Ken Holdom ZL2HU – Leader and administrator, Lee Jennings ZL2AL – Logistics and planning of people and equipment, James Brooks 9V1YC – Radio operations manager. Declan Craig EI6FR and Andrew Williamson GI0NWG were in charge of the design and operation of the antenna systems. Ken Holdom ZL2HU and Murray Woodfield ZL1CN were in charge of the power distribution. Junichi Tanaka JA4RHF- RTTY and 6 metres. Trey Garlogh N5KO and Wilbert Knol ZL2BSJ- computer operations and logs, Brian Biggings VE3XA – Safety and Jason Christiensen ZL2URN was the Department of Conservation representative which rounded out the team of eleven. The team actually could have been twelve but unfortunately, when the twelfth position only became available during the last few weeks before we sailed. The position went begging as we were unable to find an operator to fill it!

It is a fact of life that modern DXpeditions are no longer run on shoestring budgets. Small budget limit options and the results will reflect those limited options. Our biggest problem was finding the perfect boat. The “Braveheart” was excellent for our purposes as we were able to live on board for a month. It would also get us there and back safely. It was also expensive for a small organization such as ours. Each member of the team was required to put “money on the table” many months before we left to cover part of the $90,000 budget. This requirement sorted out the serious DXers. The Kermadec DX Association relied heavily upon many sponsors and many donations from the individuals and DX organizations around the world.
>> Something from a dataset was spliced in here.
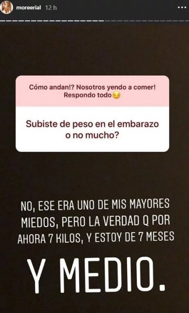 “No subí mucho, ese era uno de mis mayores miedos, pero la verdad que por ahora siete kilos, y estoy de siete meses y medio”, indicó Morena.

We are deeply indebted to the international amateur community and our commercial sponsors. Without their extremely generous support, ZL9CI would not have happened.

Lyndon Neuronburg VE7TCP set up KDA, a private reflector – bulletin board on the Internet for us. It is doubtful that we could have arranged all the details and solved the problems without it. We are deeply indebted to Lyndon. KDA has run for nearly two years. Threads arose, heated debate took place, ideas were floated, arguments ensued, problems were solved, decisions were made and the threads died only to be replaced by new ones. The KDA reflector allowed each of us to get to know each other‘s capabilities and strengths. It is a tribute to the members of the team that when anything was required of any team member, it was done without a problem.
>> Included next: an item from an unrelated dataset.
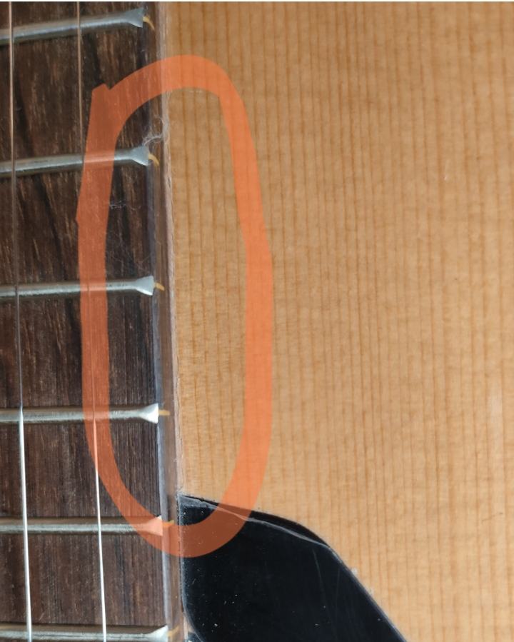 3- Гриф скорее всего, всё же подотклеился, вместе с клёцем.

We must pay also pay tribute to our Webmaster and pilot Don, N1DG and our other pilots Ron Lago AA7DX, Rob GI0KOW and Joe Aoki JJ3PRT. Special thanks must go to Chris Hannagan ZL2DX who was the other end of the Pactor link in New Zealand. Chris downloaded all our logs and forwarded all our e-mail traffic to friends and family. Bob Sutton ZL1RS built our 40M Four Square array and researched the propagation possibilities for the Dxpedition. Support was given by ZL2TT, ZL2GI and other local NZ amateurs. The help from these dedicated and professional amateurs was incredible. Being out in the middle of nowhere at the bottom of the world means that you lose touch with what’s going on in the rest of the world. No TV or Newspapers on Campbell Island! Our pilots and friends in New Zealand kept us in touch with reality.

Wellington Departure
Jan 29 saw the first meeting of the full team. Ken ZL2HU offered to host the whole team in his Wellington home until we left. Ken’s wife Emily was extremely tolerant and a wonderfully host. Most of then team members had never met each other previously. Early meetings went smoothly. NZ runs on 230V and plugs were changed and radio gear checked for operation. The computer gurus, Trey and Wilbert installed CT on all the laptops. To maximize the use of time in loading and checking gear, everyone ended up with jobs to complete. We then began the task of loading all five tonnes of equipment on the Braveheart and finished loading as the crew of the ship was frantically making last minute preparations and loading provisions. Dinner was pleasant at a local Chinese restaurant with the team and the support people, Ron ZL2TT, Chris ZL2DX, Win ZL2GI, Bob ZL1RS and others. The following night saw many of the local amateurs call in at Ken’s home and wish us well for the voyage South. We were ready to leave on January 1. Emily was ready for us to leave also!

Voyage to Campbell
Up early, some team members were showing the effects of New year’s Eve. The weather was overcast with slight rain. The trip out the Wellington Harbour was magnificent and we were joined by dolphins. Obviously a good omen. Shipboard life was settled into very quickly and you could feel the excitement building within the team. A 20M dipole was hoisted into the rigging and the team got into the serious business of letting the outside world know that we were maritime mobile on our way South. Brian, VE3XA kept track of our progress on his portable GPS. Dinnertime saw us cruising East of the South Island working the mainland local 2 meter repeaters in glorious weather with six foot swells.

Shipboard Life

Assembling antennas on board

Jan 2 was antenna day. Eight antennas were assembled on the rear deck of the ship in excellent weather. The Braveheart was stable with a gentle pitch and roll. Seabirds, like miniature fighter aircraft, did runs at the boat looking for food in the ship’s wash. A beautiful sunset appeared on the horizon as we left Stewart Island at the bottom of New Zealand. We changed coarse and headed South East to began the run for Campbell Island. Immediately the ocean changed with larger swells. The boat rolled and pitched in protest. Great fun was had on the air with the FT900 and dipole hung up in the rigging. Amazing contacts were made world wide.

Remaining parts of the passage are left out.